━━━━━ RECORDS SUPPLIED

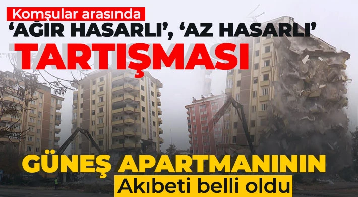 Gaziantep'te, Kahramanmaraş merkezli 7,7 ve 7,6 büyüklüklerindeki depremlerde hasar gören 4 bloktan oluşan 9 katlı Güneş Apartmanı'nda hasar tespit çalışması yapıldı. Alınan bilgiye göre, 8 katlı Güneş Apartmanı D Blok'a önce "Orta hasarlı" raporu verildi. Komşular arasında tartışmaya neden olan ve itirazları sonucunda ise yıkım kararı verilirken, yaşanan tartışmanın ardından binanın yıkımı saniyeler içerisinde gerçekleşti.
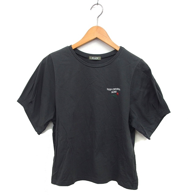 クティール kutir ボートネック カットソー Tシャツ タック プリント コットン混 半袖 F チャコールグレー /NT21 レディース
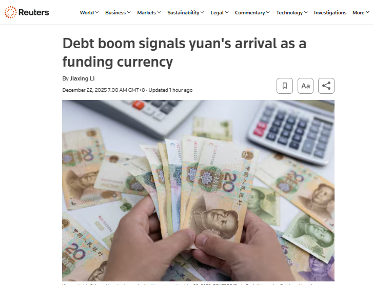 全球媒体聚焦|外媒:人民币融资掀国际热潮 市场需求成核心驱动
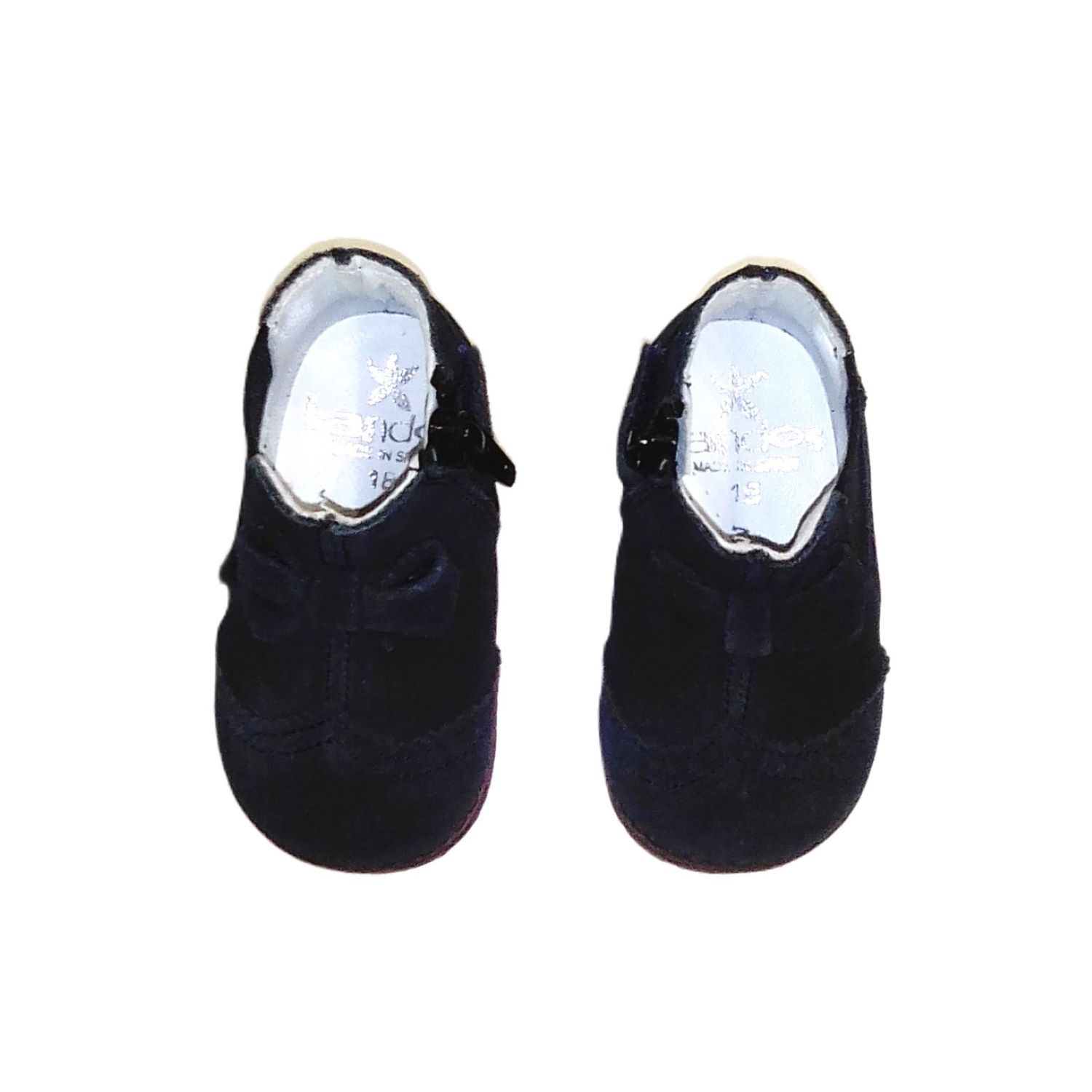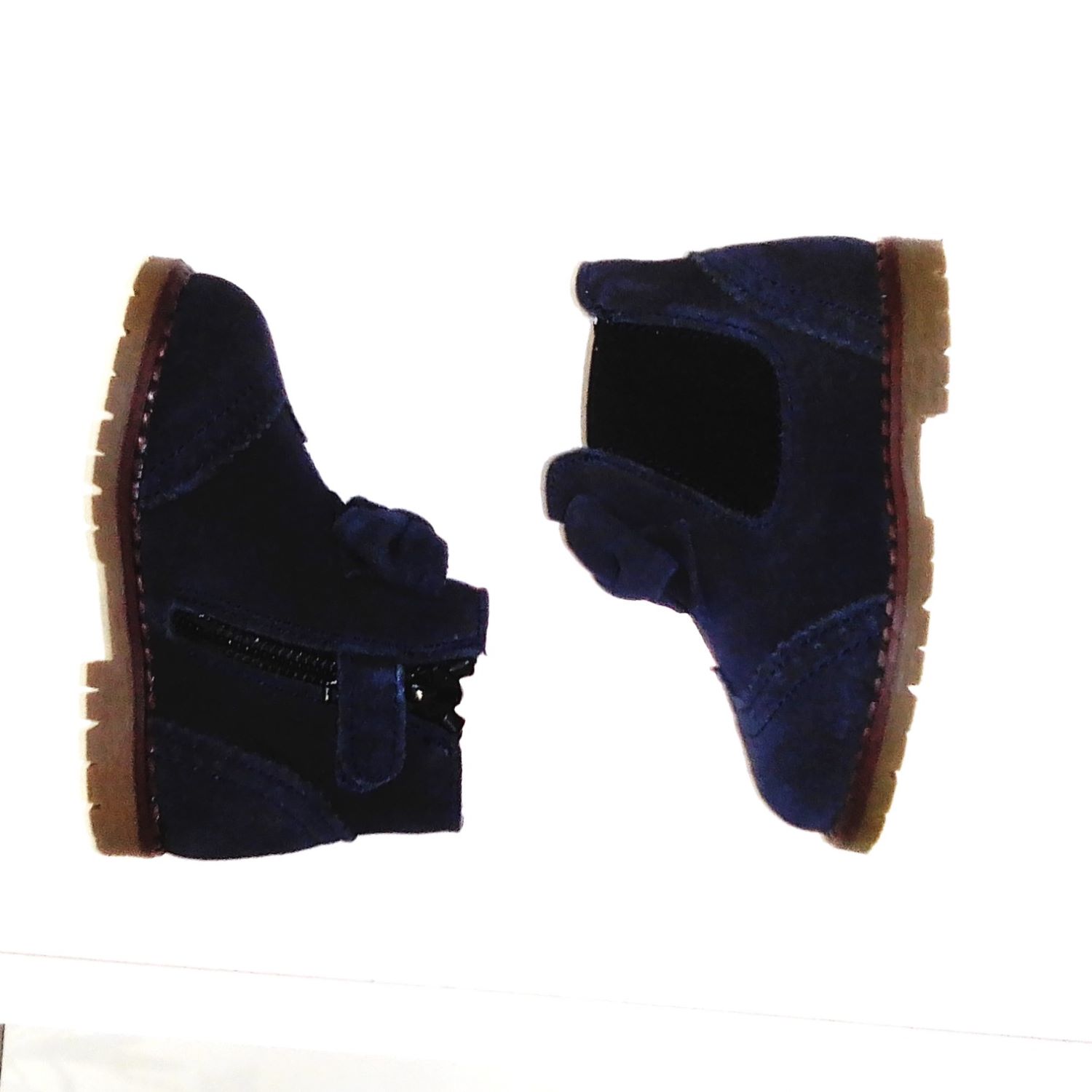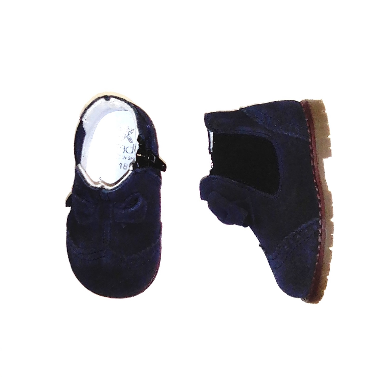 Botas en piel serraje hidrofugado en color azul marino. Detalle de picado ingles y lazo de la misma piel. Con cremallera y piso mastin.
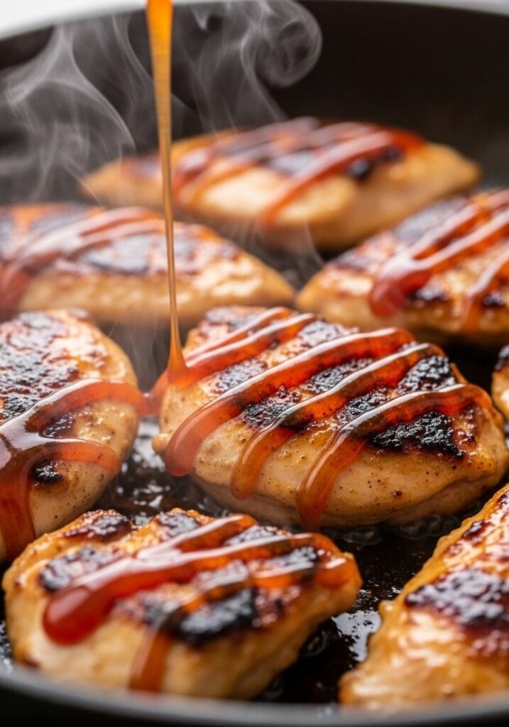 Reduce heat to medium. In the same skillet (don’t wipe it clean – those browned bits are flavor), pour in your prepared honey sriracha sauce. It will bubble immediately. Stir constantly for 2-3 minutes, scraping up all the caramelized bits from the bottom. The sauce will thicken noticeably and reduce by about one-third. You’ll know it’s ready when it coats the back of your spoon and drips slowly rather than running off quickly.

━━━━━━━━━━
━━━━━ RECORDS SUPPLIED

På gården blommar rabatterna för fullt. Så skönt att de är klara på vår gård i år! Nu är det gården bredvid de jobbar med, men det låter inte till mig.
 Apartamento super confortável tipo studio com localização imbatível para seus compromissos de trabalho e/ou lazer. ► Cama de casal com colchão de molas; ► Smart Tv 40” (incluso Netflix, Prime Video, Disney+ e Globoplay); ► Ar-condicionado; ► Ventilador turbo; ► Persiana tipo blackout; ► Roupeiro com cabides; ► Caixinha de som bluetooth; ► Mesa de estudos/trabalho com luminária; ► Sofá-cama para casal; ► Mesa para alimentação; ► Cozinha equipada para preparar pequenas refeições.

━━━━━━━━━━

→ WHAT TO PRODUCE
With pictures omitted, repeat the entries above word for word from the line holding "Gaziantep'te, Kahramanmaraş merkezli" down to the line holding "Botas en piel", keeping both of those lines.

→ ANSWER BELOW
 Gaziantep'te, Kahramanmaraş merkezli 7,7 ve 7,6 büyüklüklerindeki depremlerde hasar gören 4 bloktan oluşan 9 katlı Güneş Apartmanı'nda hasar tespit çalışması yapıldı. Alınan bilgiye göre, 8 katlı Güneş Apartmanı D Blok'a önce "Orta hasarlı" raporu verildi. Komşular arasında tartışmaya neden olan ve itirazları sonucunda ise yıkım kararı verilirken, yaşanan tartışmanın ardından binanın yıkımı saniyeler içerisinde gerçekleşti.
 クティール kutir ボートネック カットソー Tシャツ タック プリント コットン混 半袖 F チャコールグレー /NT21 レディース
 全球媒体聚焦|外媒:人民币融资掀国际热潮 市场需求成核心驱动
 Botas en piel serraje hidrofugado en color azul marino. Detalle de picado ingles y lazo de la misma piel. Con cremallera y piso mastin.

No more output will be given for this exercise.